Data block ->
......
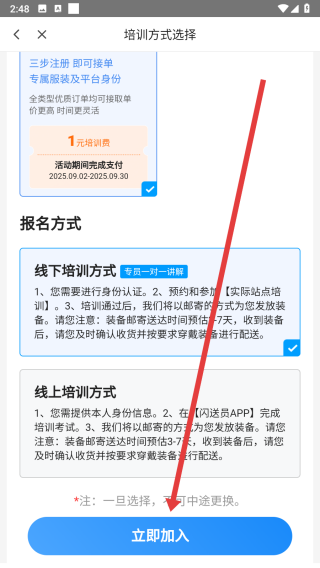 3、可以选择线下培训方式,选择好后点击立即加入,进行后续操作。
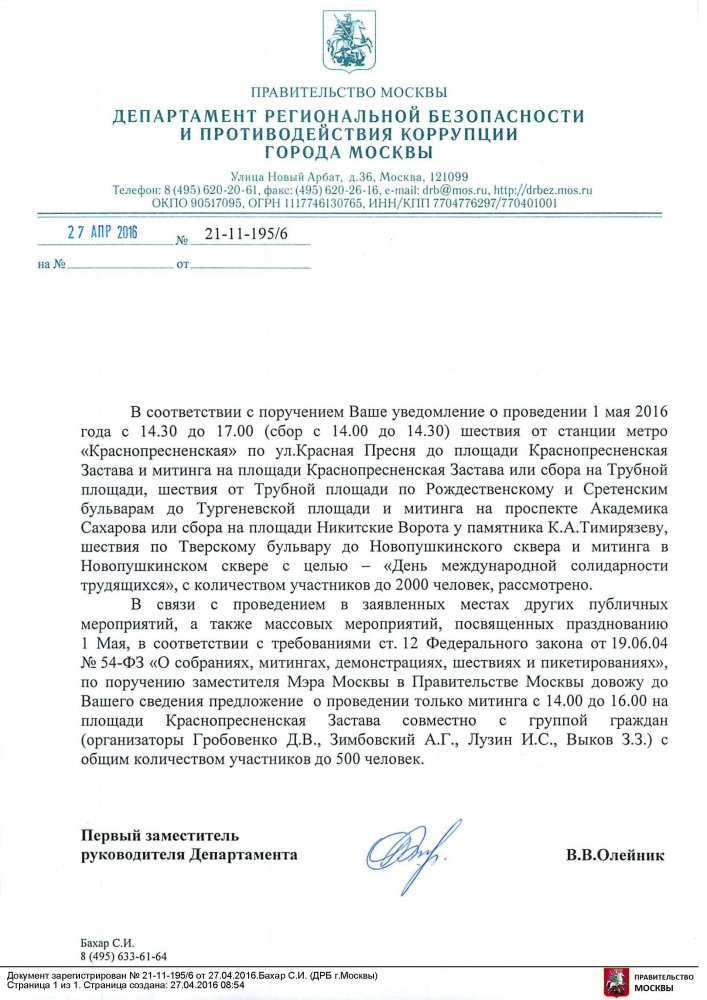 В уведомлении, поданном организаторами, были указаны три варианта маршрута шествия, которое должно было завершиться митингом. Мэрия согласовала лишь митинг на площади Краснопресненская Застава, причем если заявители предполагали участие двух тысяч человек, то мэрия сократила количество участников до пятисот. Причина такого решения, согласно документу, — проведение в заявленных левыми местах других мероприятий. Пресс-служба московского комитета партии РОТ ФРОНТ отмечает, что мэрия нарушила федеральное законодательство в части сроков предоставления ответа на уведомления о публичных мероприятиях.
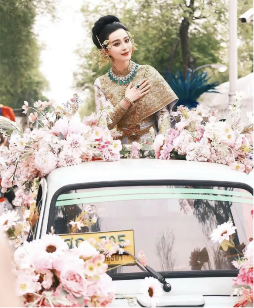4月在泰国参加宋干节,范冰冰盛装出场,在那接近40度的室外,依然面带微笑营业数小时。
......
The lines above should be transcribed exactly, with every image removed.

 3、可以选择线下培训方式,选择好后点击立即加入,进行后续操作。
 В уведомлении, поданном организаторами, были указаны три варианта маршрута шествия, которое должно было завершиться митингом. Мэрия согласовала лишь митинг на площади Краснопресненская Застава, причем если заявители предполагали участие двух тысяч человек, то мэрия сократила количество участников до пятисот. Причина такого решения, согласно документу, — проведение в заявленных левыми местах других мероприятий. Пресс-служба московского комитета партии РОТ ФРОНТ отмечает, что мэрия нарушила федеральное законодательство в части сроков предоставления ответа на уведомления о публичных мероприятиях.
4月在泰国参加宋干节,范冰冰盛装出场,在那接近40度的室外,依然面带微笑营业数小时。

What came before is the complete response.